Apurado a votação de cada partido ou coligação, o TRE a divide pelo quociente eleitoral. Se, no exemplo paulista, a legenda e todos os candidatos de um partido ou coligação receberam um total de 446.034 votos, esse total foi dividido pelo quociente de 223.017. O resultado determinou o número de cadeiras conquistadas: duas.
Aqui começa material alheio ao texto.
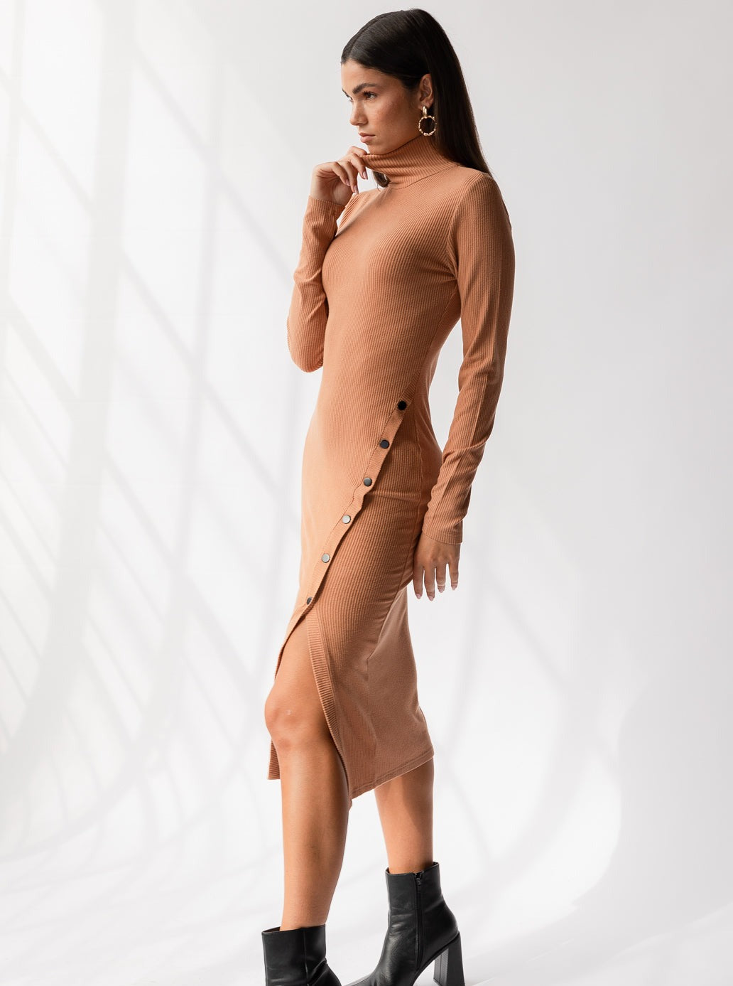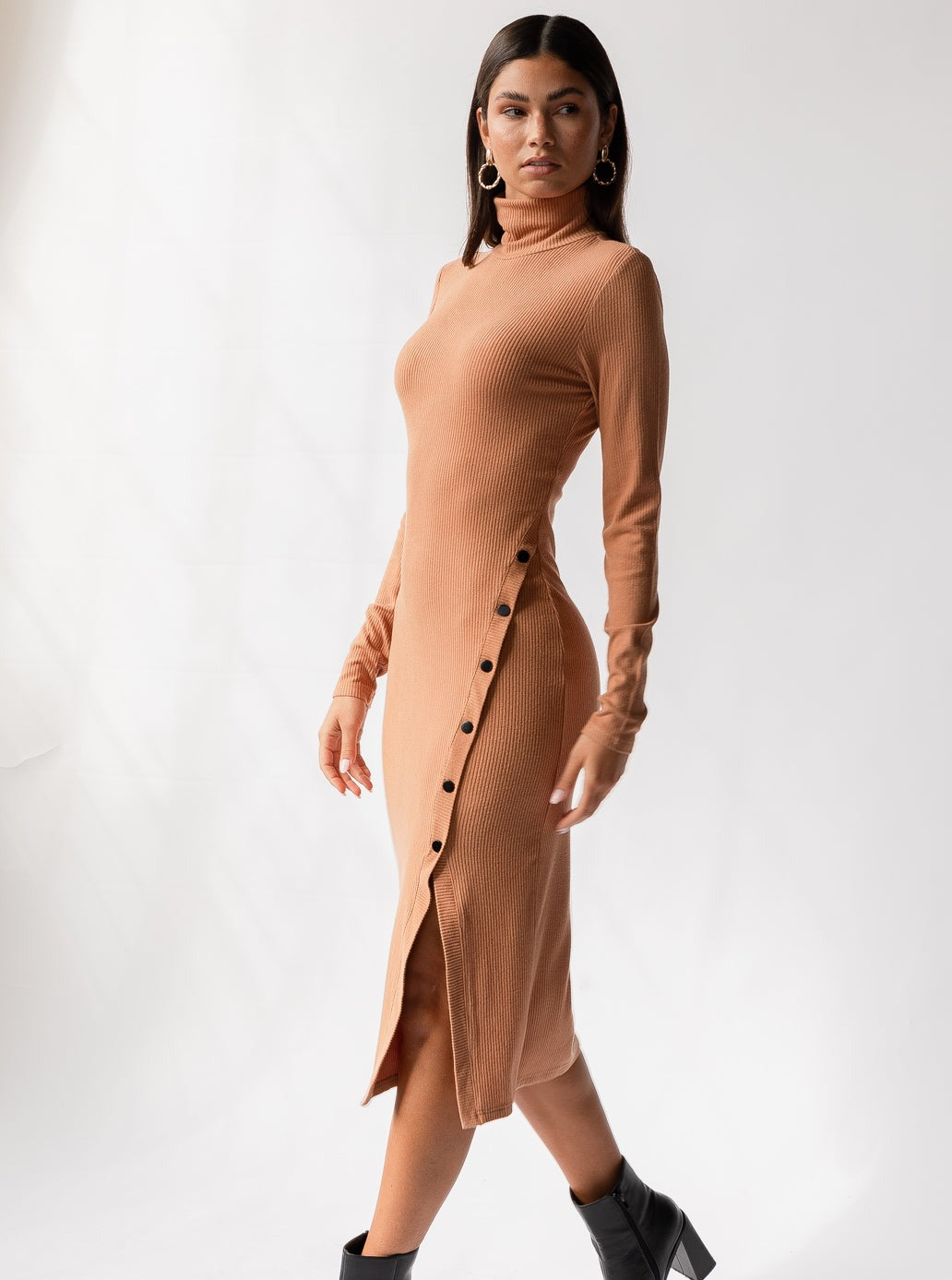 This long sleeve turtleneck dress exudes confidence and class. The dress is a flattering midi length in a camel colored stretch knit fabric. The side button detail adds a stylish touch to a dress you will wear over and over again.

O quociente é a prova de que, ao contrário do que se diz erradamente, o sistema eleitoral atual não põe a ênfase no candidato e sim no partido. Não importa, portanto, que todos os candidatos de um partido tenham recebido votação inferior ao quociente eleitoral. Importa que o total de votos da agremiação seja superior ao quociente. Se o total for inferior, o partido não elegerá ninguém – eis aí o corte da cláusula de barreira. Em contrapartida, um candidato que tem muitos votos ajuda a eleger os de baixo. Dos 513 deputados eleitos no ano passado, apenas 28 atingiram o quociente eleitoral. Os demais foram eleitos pelo voto dado ao conjunto dos candidatos daquele partido. No Ceará, por exemplo, dos 22 eleitos, apenas Inácio Arruda, do PCdoB, suplantou, com 124 mil votos, o quociente de 120 mil sufrágios.
Impostura número 8:
As coligações devem ser proibidas, já que os partidos devem ter desempenho eleitoral próprio
Introduzidas em 1950, as coligações são outra tradição brasileira que a reforma antidemocrática quer revogar. O governo do presidente Fernando Henrique Cardoso pretende impedir duas ou mais organizações de fazerem a coligação e se apresentarem una perante a regra eleitoral. Como vimos, o sistema eleitoral brasileiro privilegia os partidos (ou as coligações) e não os candidatos, embora o voto seja marcadamente individualizado e personalizado. No figurino do governo, no entanto, a união é inaceitável. Empresas de aviação, bancos, jornais, todos podem fazer acordos operacionais para atuar no mercado econômico, mas dois pequenos partidos seriam proibidos de juntar suas carências para competir no milionário mercado de voto.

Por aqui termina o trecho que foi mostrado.